Just as an example, in the last years, we have developed a system to predict and contain damages of tsunamis in real time, established steps for the progress of next-generation medicine and presented many other innovations to help communities both at home and abroad.
We are, after all, involved in the global community and have the responsibility to support and promote the creation of knowledge.
Gaining deeper insight into the basic mechanisms of the world provides not only a more fundamental understanding of our surroundings, but also means to expand the intellectual horizon and convey wisdom for the benefit of everybody.
Wisdom means to understand the essence, the core of the matter and to have the competency as well as the necessary judgment to utilize important findings for further progress. It means to realize and comprehend current needs, to work together with the community to overcome difficulties and to contribute not only the discoveries and innovations themselves, but also the mindset and character that led to them.
And you, dear graduates, have taken a vital role in this process.
Cutting-edge research always goes hand in hand with the education of brilliant talent and leaders. Without the new ideas of people who see the world from a different angle, without the fusion of inspirations from diverse academic literates, the essence of our studies will be lost.
So I have to thank you for your participation and compliment you on your achievements.
When you open a new chapter of your life today and start your career as an international, sophisticated citizen of the global world, you might be confronted with challenges you did not expect or imagine. Challenges, that might seem impossible to overcome.
But I am certain, that your experience from your time here at Tohoku University will help you and provide necessary guidance to manage any situation appropriately and accordingly.

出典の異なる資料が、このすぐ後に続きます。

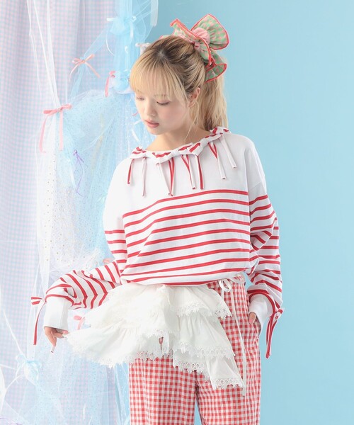 リボンを主役に魅せるボーダーカットソー ■デザイン ナバルボーダーに共地のリボンを贅沢にあしらったトップス。ネック周りや袖口の計算されたリボンがガーリーな存在感を放ちます。 ■コーディネート シンプルなボトムを合わせるだけで大人かわいいスタイルが完成。デニムなどに合わせたリボンを引き立てるカジュアルミックスがおすすめです。 ■サイズ リラックス感のある程よいサイズ ■素材 デイリーに着まわしやすいコットン素材。 RED Model : H163 B77 W60 H83 Size : ONE SIZE BLUE Model : H161.5 B76 W64 H88 Size : ONE SIZE 生地の厚さ:普通 透け感:なし 伸縮性:あり 光沢感:なし 裏地:なし ■ケア方法 水洗い・ドライクリーニング両方可 (詳細は商品についている品質表示ラベルをご覧ください) ※画像の商品はサンプルのため、実際の商品と「仕様」「色味」が異なる場合がございます。 CAROLINA GLASER / カロリナ グレイサー シンガーでありデザイナー、同世代の女性より多くの支持を集めるインフルエンサーでもあるMEGが手掛けるブランド。2014年12月より、BEAMSがプロデュースをスタート。スタンダードなアイテムにトレンドを取り入れて、今の気分をすぐ身につけられるウェアをオンラインショップで提案。
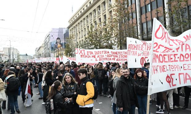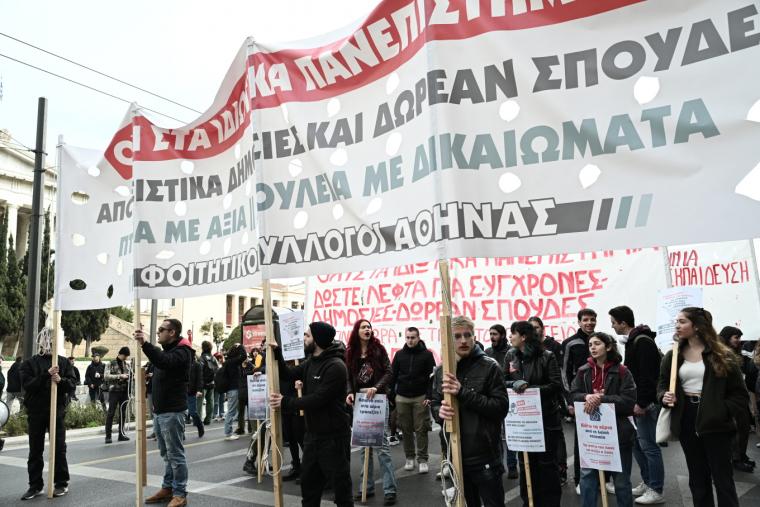 Με πανό που γράφει «Όχι στα ιδιωτικά πανεπιστήμια, αποκλειστικά δημόσιες και δωρεάν σπουδές, πτυχία με αξία, δουλειά με δικαιώματα», οι φοιτητικοί σύλλογοι της Αθήνας συμμετέχουν ενεργά στο συλλαλητήριο.
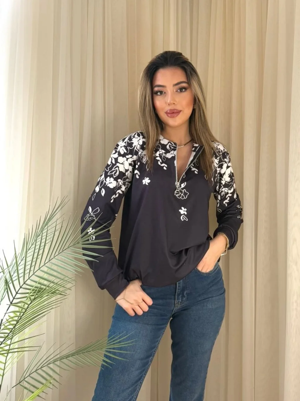 Kadın Uzun Kollu önden Fermuarlı çiçek Desenli şardonlu Dalgıç Bluz

And please remember: Today is not the end of this bond we have formed over the past years.
Today marks the beginning of a new collaboration between equals.
As you probably heard many times, we do have the tradition of "Open Door" since our very beginning. To this end, our alumni association 'Shuyukai' has created a global community of Tohoku University graduates to keep in touch, let you know about recent developments of your alma mater and - most importantly - help each other as friends and family.
You are always welcome, and you will always be appreciated.
Congratulations on your graduation and all the best for your future.
あらためて、本日は誠におめでとうございます。
皆さんが今後、世界に向けて大きく飛躍することを心から期待して、私の式辞といたします。